After the Vice President, the line runs: Speaker of the House, President Pro Tempore of the Senate, then cabinet secretaries beginning with the Secretary of State. The full line extends to 18 positions to ensure governmental continuity. The Presidential Succession Act of 1947 set this order, and scholars periodically debate whether placing legislative officers early in the executive succession line is constitutionally sound.
What was the 25th Amendment designed to fix?
Several historical situations revealed gaps in the succession framework. Woodrow Wilson's severe stroke in 1919 left him effectively incapacitated for 17 months with no mechanism for orderly power transfer. During Eisenhower's three serious health events in the 1950s, similar ambiguity arose. After Kennedy's assassination in 1963, Congress addressed both the vacancy-succession gap and the disability question through the 25th Amendment, ratified in 1967.
What happens if both the President and Vice President are unable to serve?

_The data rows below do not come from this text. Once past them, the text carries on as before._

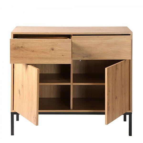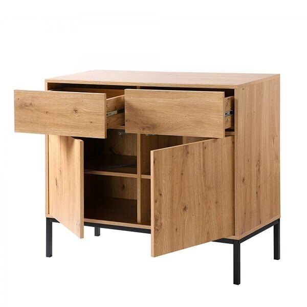 Discover our Oak Drawers with 2 Cabinets, with a compact size and contemporary style to store your belongings while bringing a touch of decoration to your interior. Main material: certified MDF, from sustainably managed forests. Ideal as a small buffet-style storage unit in a living room or as a chest of drawers in a bedroom. Furniture made of particle board with black metal base.
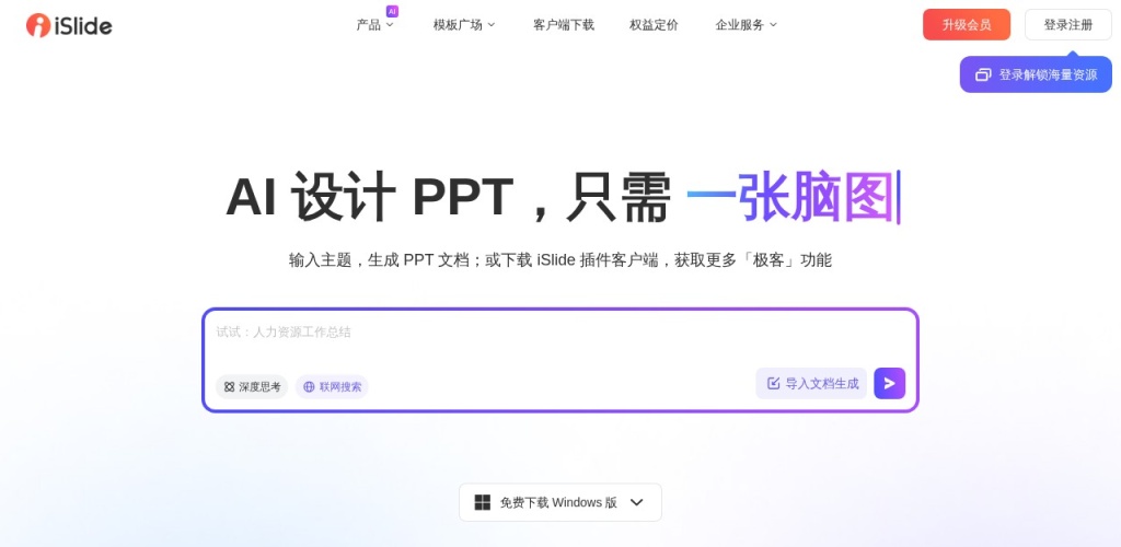 iSlide是一款基于人工智能技术的PPT设计工具,它结合了深度学习、自然语言处理等技术,为用户提供智能化的设计建议。通过分析用户的需求和行为,iSlide能够为用户推荐合适的模板、图示、图表等元素,帮助用户快速完成专业的PPT设计。
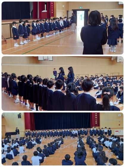 対面式では、6年生の代表が、歓迎のことばをとても上手にお話ししてくれました。中浜小学校の上級生は、みんなとても優しいので安心して学校生活をスタートすることができると思います。最後に1年生が声を合わせて、「お兄さんお姉さん、よろしくお願いします。」とごあいさつをしました。とってもかわいくてみんなにこにこの笑顔でした。
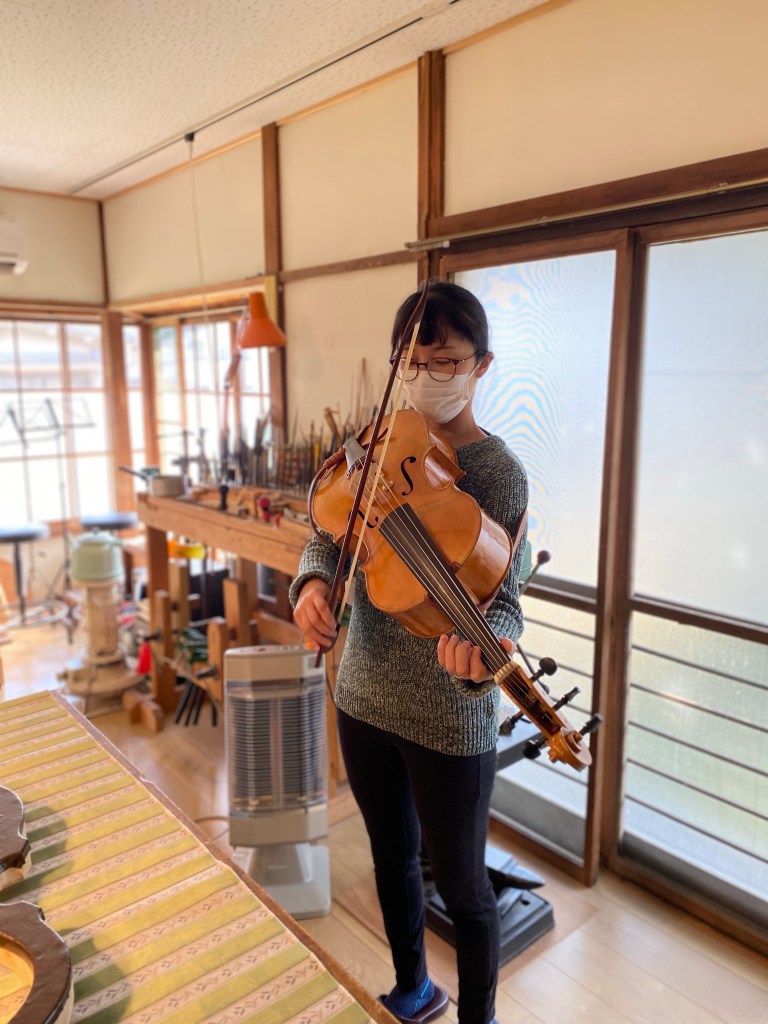 先週末は、ヴァイオリニストの桑原香矢さんと、作曲家で夫君の高橋渓太郎さんが楽器調整のためにご一緒に工房にお越し下さいました。長くヨーロッパで活動されてきた音楽家の方々にこんな場所で出会うのはいつもとても不思議な気がします。
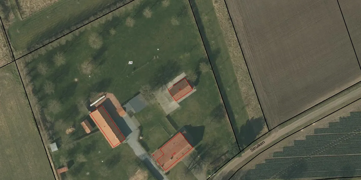 Het perceel waarop Struiken 6-C staat heeft een oppervlakte van 1,1 ha. Dit is een zeer groot perceel. De perceeloppervlakte wordt geregistreerd door het Kadaster. Gedetailleerde informatie over de maten van dit perceel kunt u vinden in het rapport Kadastrale kaart met maatvoering van Struiken 6-C.
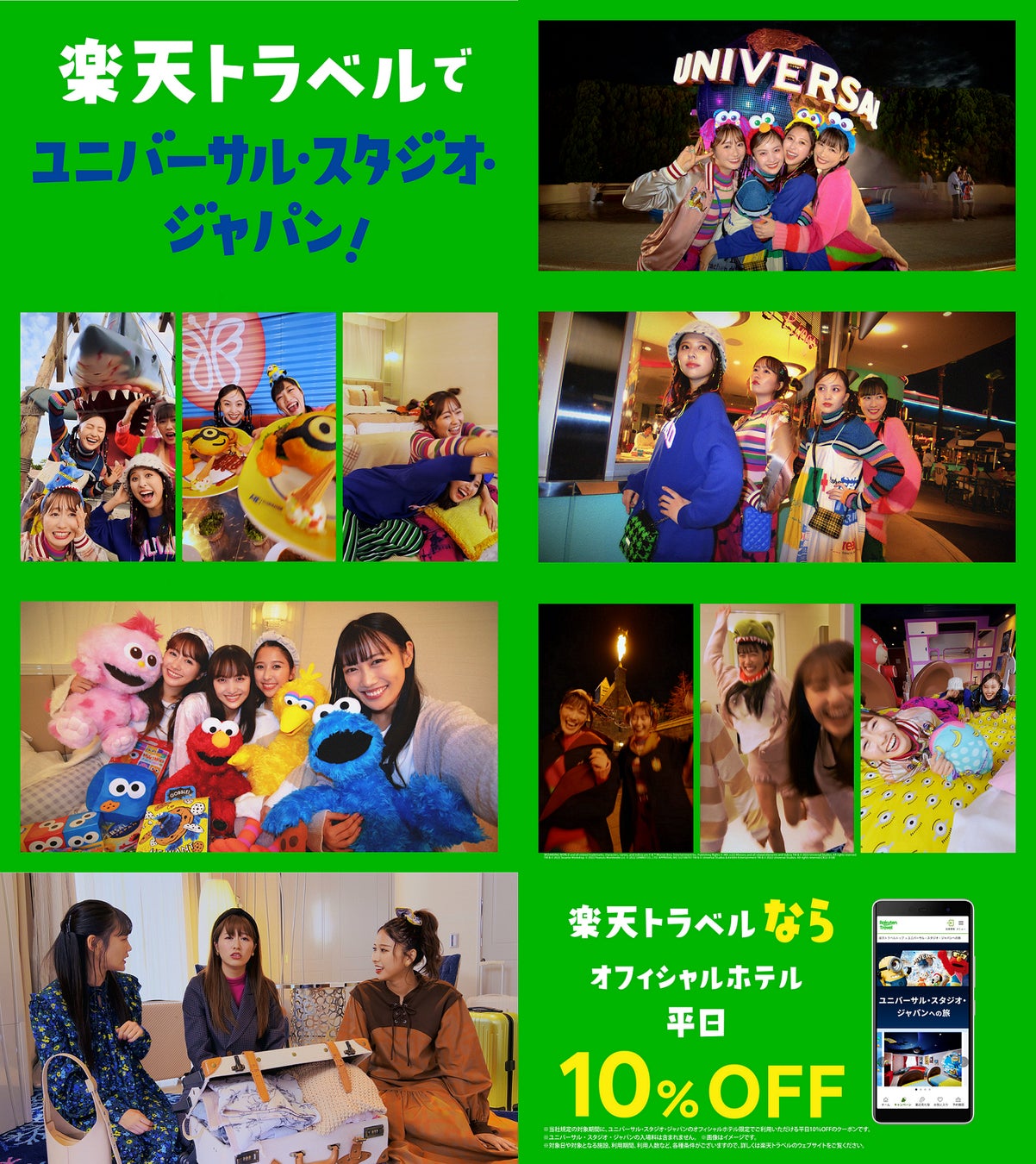 楽天トラベル、ももいろクローバーZさんを起用した新CM「楽天トラベルでユニバーサル・スタジオ・ジャパン」編を11月1日(火)より公開
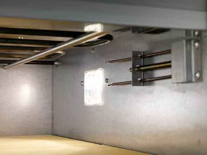 Освещение пекарной камеры галогенной лампой.
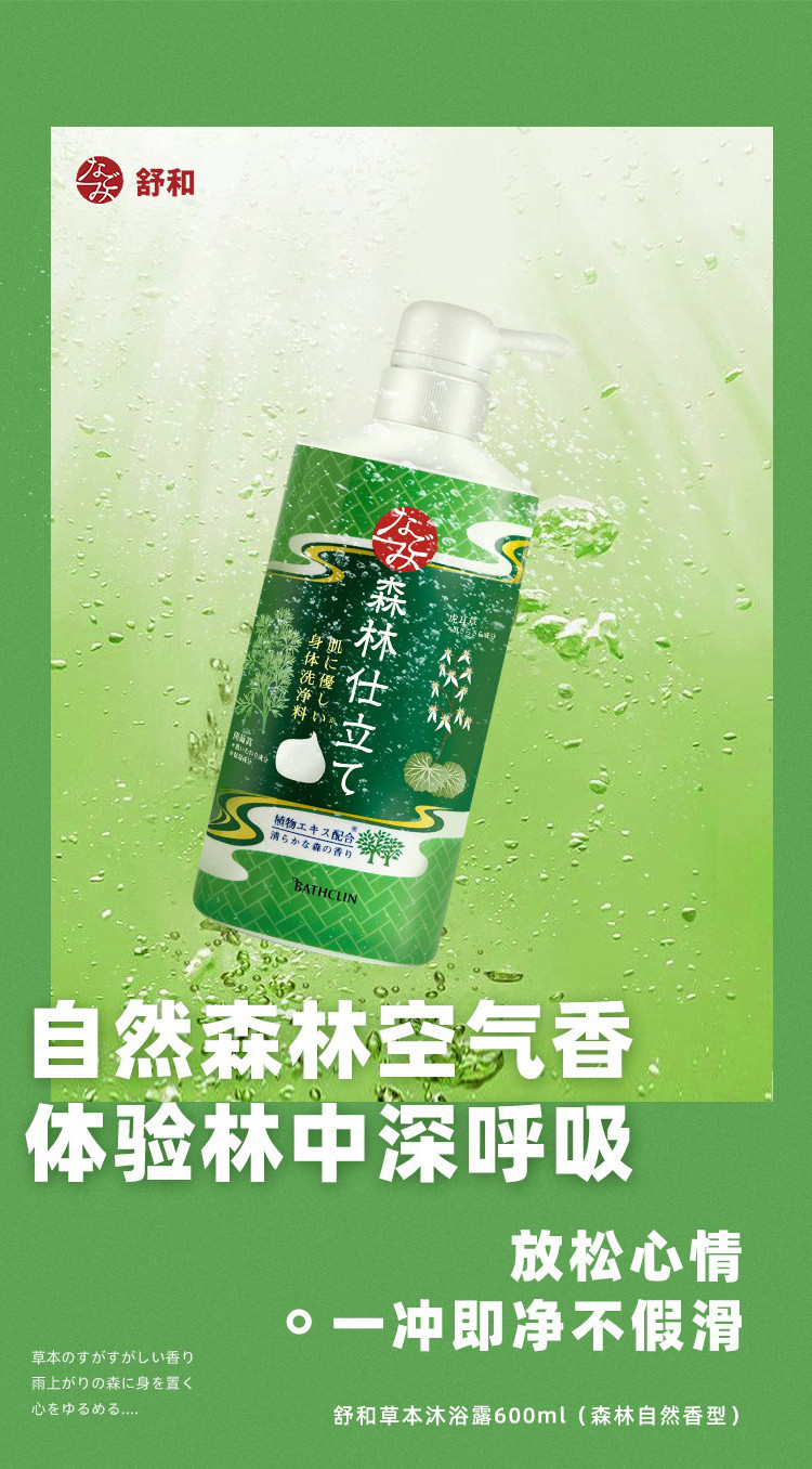 Японский импортный травяной освежающий парфюмированный гель для душа, 600 мл

Under the Presidential Succession Act, the Speaker of the House would become acting President. If the Speaker is unable or unwilling to serve, the line moves to the President Pro Tempore, then through cabinet secretaries in the order their departments were established. This scenario is extremely unlikely but is why the line of succession extends to 18 positions and why the practice of designating a 'designated survivor' during events like the State of the Union exists.
How does active learning help students understand presidential succession?
Presidential succession law is precise, procedural text that students tend to memorize without understanding. A 25th Amendment simulation presenting an ambiguous medical scenario forces students to apply the text to situations where the right answer is not obvious: Is the President temporarily incapacitated? Who decides? What happens if the President contests the determination? Working through these questions actively builds the constitutional reasoning, interpreting text in light of purpose, that the C3 framework asks students to practice.